GOAL OF THE EXERCISE
Retype, word for word, every line starting at the line with "Recognize your team" and ending with the final line of the entries; skip the pictures.

MATERIAL FOR THIS EXERCISE
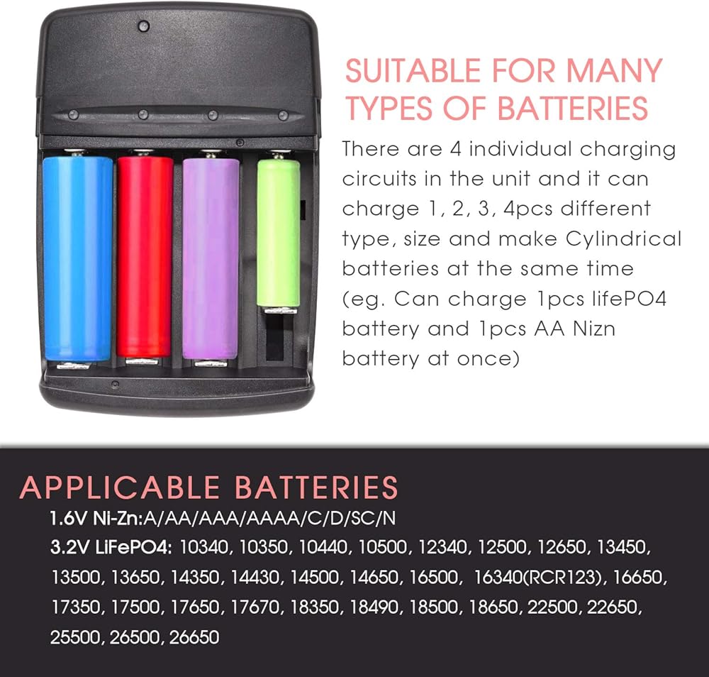 -Compatible with 1.2V Ni-Zn(A, AA, AAA, AAAA, C, D, SC, N) /3.2V LiFePO4 battery
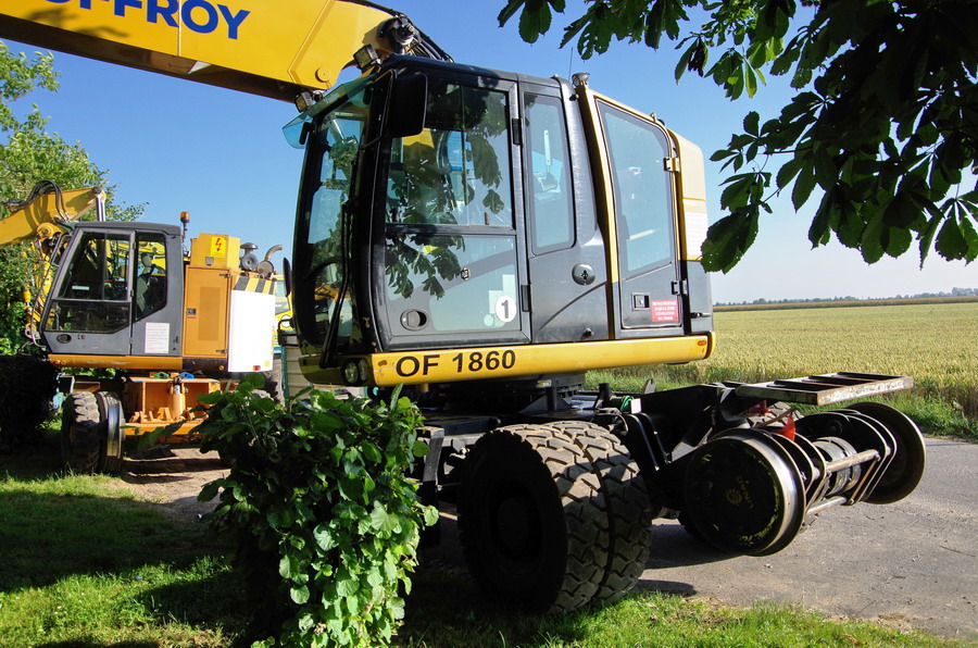 les Pelles Rail route UNAC 22 TRR Offroy 2 NGE OF 1862 et 1861 au niveau du PN n°11 à Harbonnière le 27-06-2018
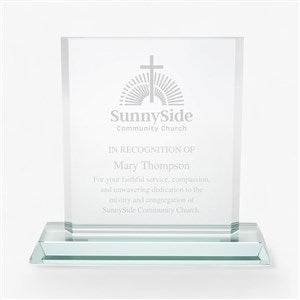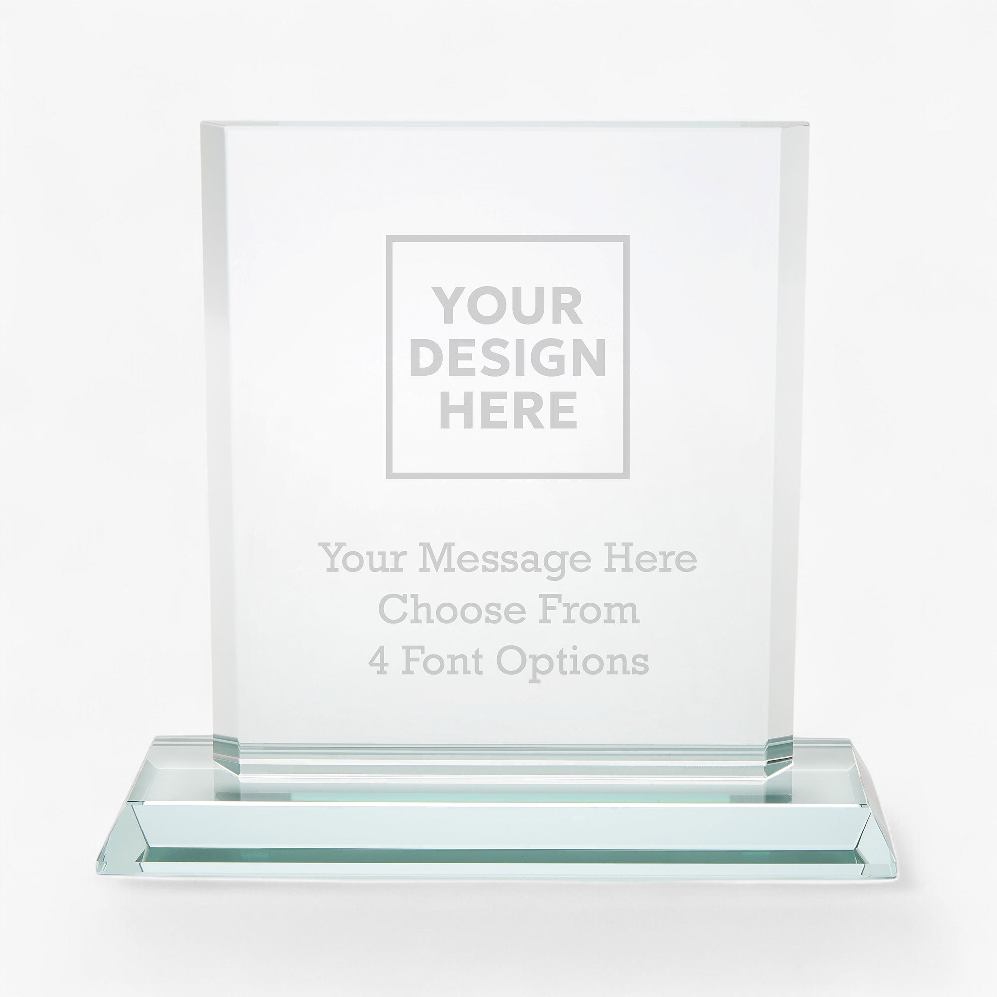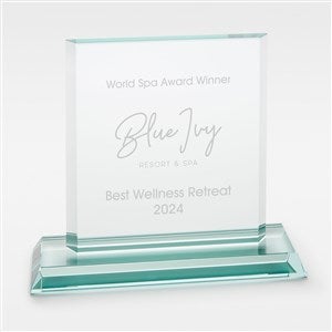 Recognize your team or employees hard work and accomplishments with the Personalized Logo Jade Glass Team Award-Large. Custom engraved with any name, logo, and/or text, this large award measures 8"H x 8.5"W x 2.75"D.
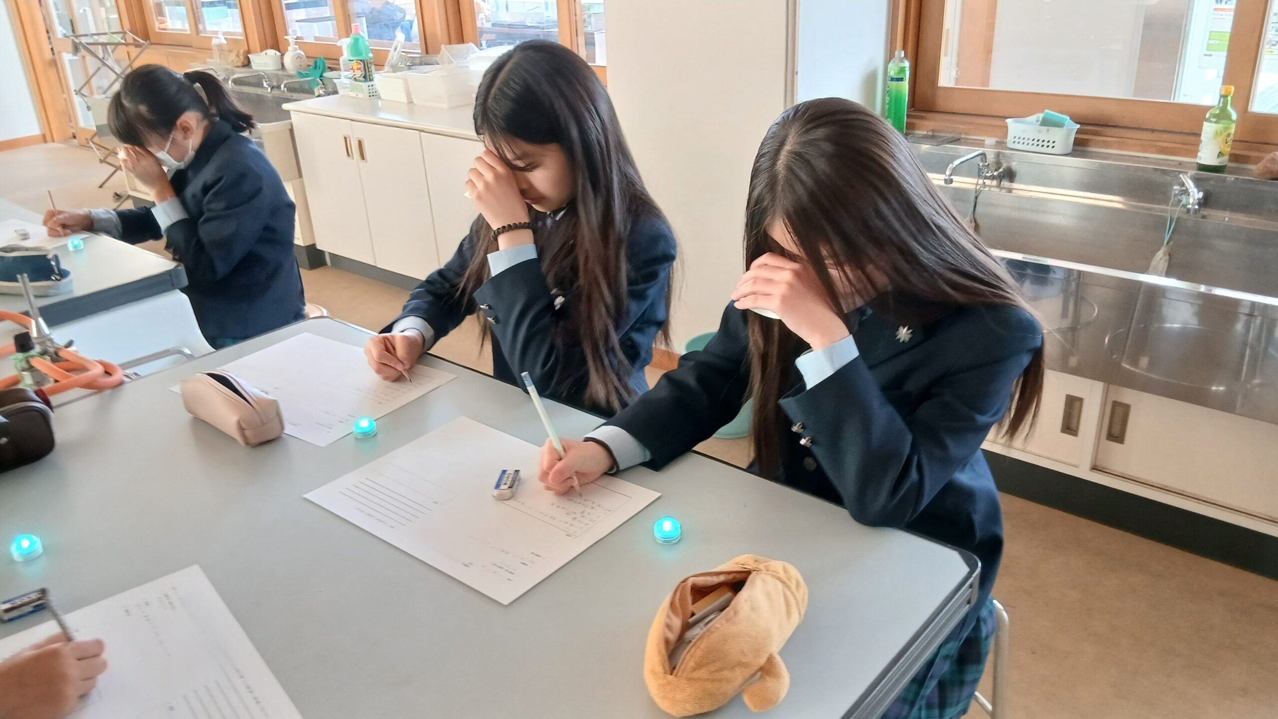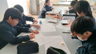 完成したスコープで、まずは理科室の天井にある明かりを覗いてみました。すると、ただの白い光に見えていたものが、パッと美しい虹色に分かれて見えました。この観察から、私たちが普段見ている光は、実は「さまざまな色が混ざり合ってできている」ということがはっきりと分かりました。次に、さまざまな色のライトを使って、さらに詳しく観察を進めました。白い光が「赤・青・緑」の3つに分かれたことで、この3色が光の基本となる「光の三原色」であることを身をもって実感できました。逆に、赤や青そのものの光は、それ以上分けることができない「純粋な色」であることも分かりました。さらに、中間色についても詳しく調べました。オレンジ色:赤と緑が混ざっている!水色:青と緑が混ざっている!紫色:赤と青が混ざっている!「絵の具を混ぜるのと同じかな?」と思いきや、光の場合は混ぜれば混ぜるほど明るく、白に近づいていくという不思議な性質(加法混色)があります。一人一人がレンズ越しに色の正体を発見するたびに、驚きの声が上がっていました。普段何気なく浴びている光も、分光スコープを通せば全く違う表情を見せてくれます。自分たちの手で作った道具で科学の法則を解き明かす、ワクワクの詰まった活動となりました。
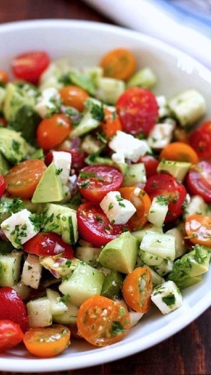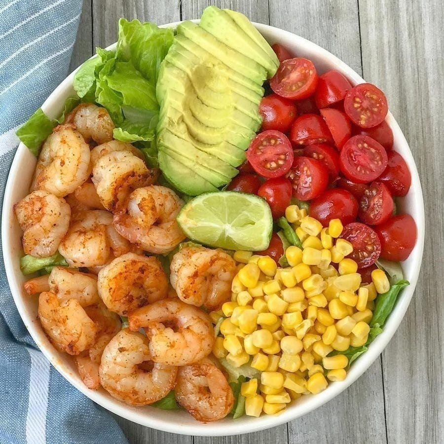 Салат с креветками авокадо и черри

SOLUTION TO THIS TASK
 Recognize your team or employees hard work and accomplishments with the Personalized Logo Jade Glass Team Award-Large. Custom engraved with any name, logo, and/or text, this large award measures 8"H x 8.5"W x 2.75"D.
 完成したスコープで、まずは理科室の天井にある明かりを覗いてみました。すると、ただの白い光に見えていたものが、パッと美しい虹色に分かれて見えました。この観察から、私たちが普段見ている光は、実は「さまざまな色が混ざり合ってできている」ということがはっきりと分かりました。次に、さまざまな色のライトを使って、さらに詳しく観察を進めました。白い光が「赤・青・緑」の3つに分かれたことで、この3色が光の基本となる「光の三原色」であることを身をもって実感できました。逆に、赤や青そのものの光は、それ以上分けることができない「純粋な色」であることも分かりました。さらに、中間色についても詳しく調べました。オレンジ色:赤と緑が混ざっている!水色:青と緑が混ざっている!紫色:赤と青が混ざっている!「絵の具を混ぜるのと同じかな?」と思いきや、光の場合は混ぜれば混ぜるほど明るく、白に近づいていくという不思議な性質(加法混色)があります。一人一人がレンズ越しに色の正体を発見するたびに、驚きの声が上がっていました。普段何気なく浴びている光も、分光スコープを通せば全く違う表情を見せてくれます。自分たちの手で作った道具で科学の法則を解き明かす、ワクワクの詰まった活動となりました。
 Салат с креветками авокадо и черри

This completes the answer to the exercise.